Spiritual Renewal Week ended up isolating some members of the Taylor community.

This story is not cute, it is not funny and it should not be treated as such. This is, among other things, a story about grave injustice committed by God's chosen people against an enslaved woman and her child. Last Monday night, it became a funny anecdote about making the right decisions in marriage. This glossed over the injustice against women, the complexity of these women's identities and even Abraham's culpability and responsibility within the narrative.

When we do this to women in the Bible, it leaves other women behind. We, too, are complex, flawed individuals who have agency within our own lives. Neither I nor any other woman can be reduced down to a choice that a man made. The other women discussed that night - Bathsheba, Delilah - were people before they were introduced in the Bible and they were people long after their stories stopped being recorded.

This is not the first time a biblical woman has been unfairly depicted as flat, two-dimensional and as only important in how she relates to a man's story, thoughts and choices. In a blog post to her website called "Esther and Vashti: The Real Story," Rachel Held Evans writes, "only in the midst of the true contours and colors of the text do the characters of the Bible find their depth."

Digging into biblical stories of women and their lives can help us enrich our view of womanhood. This doesn't mean that this is how Pastor Ramsey views all women.
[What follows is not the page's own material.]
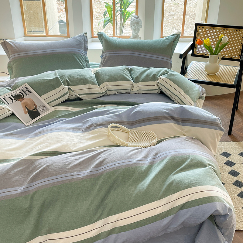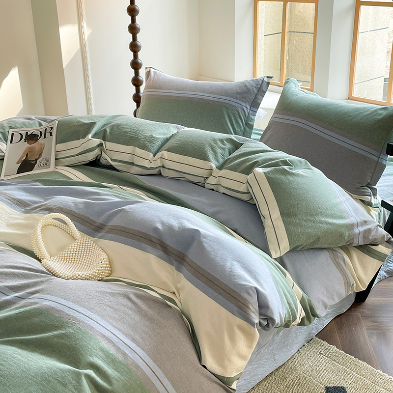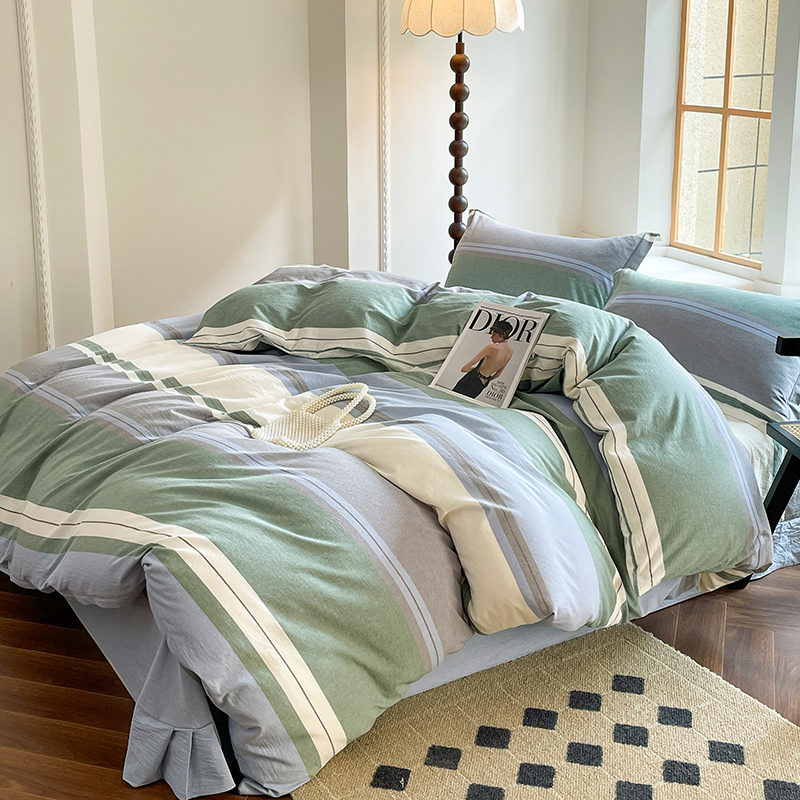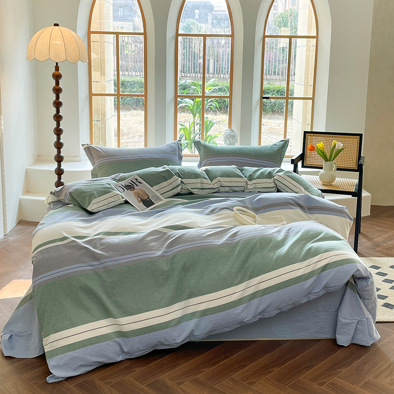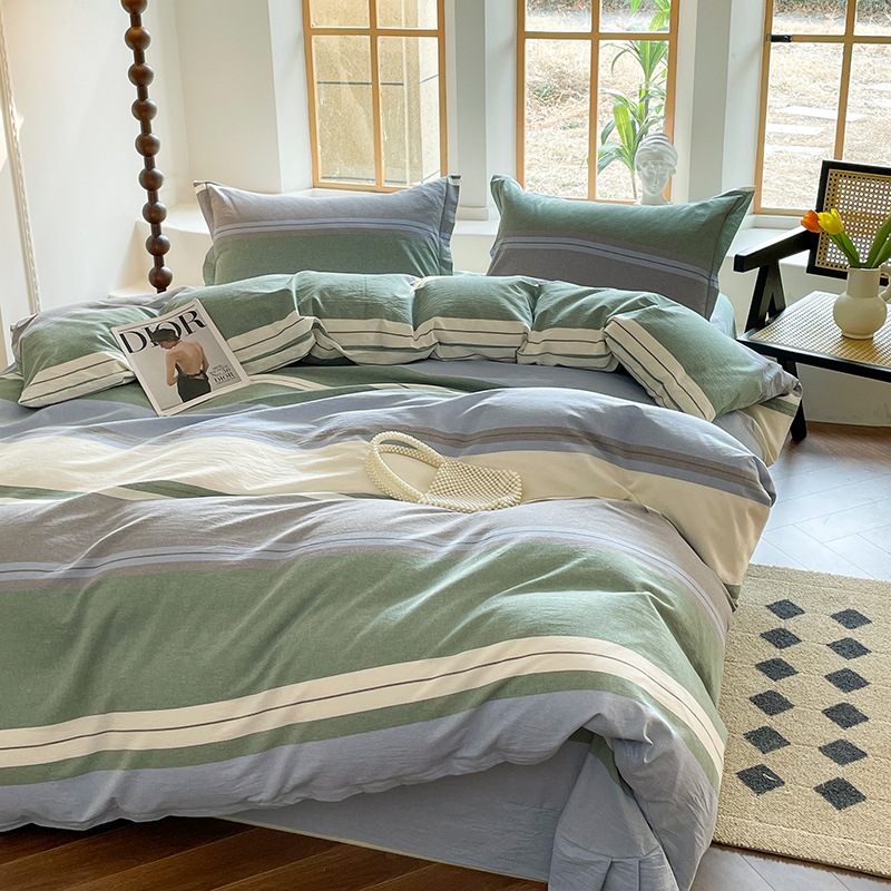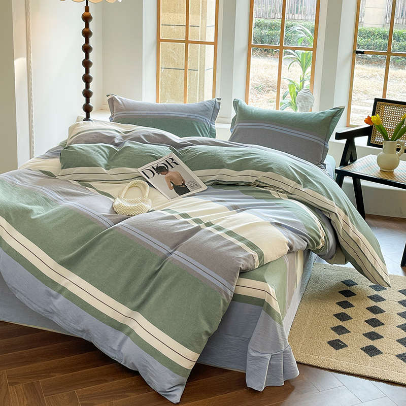 喜四方 2025新款全棉色织水洗棉四件套 艾米尔-绿
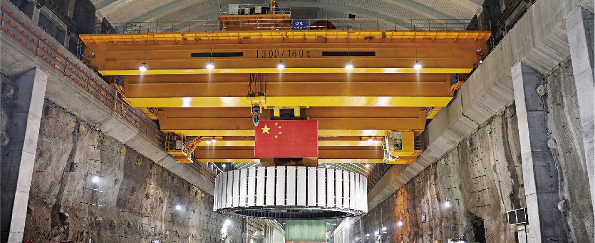 2021年6月28日,太重集團生產(chǎn)制造的1300噸橋式起重機,順利完成了三峽白鶴灘水電站全球首臺百萬千瓦水電機組吊裝任務。

Instead, I think it can be an opportunity to rethink the way we talk about biblical women, paying special attention to the fact that the discussion surrounding women in the Bible has a deep impact on the women who hear and participate in the discussion.

Last Monday night's message left me feeling discouraged, disenfranchised and undervalued - maybe we as a Taylor community can work towards being a community whose language about women empowers us, lifts us up and makes us feel included in the Kingdom of God. I believe faithful consideration is an important first step towards this crucial goal - we are a better Body when all members are given an equal value and voice.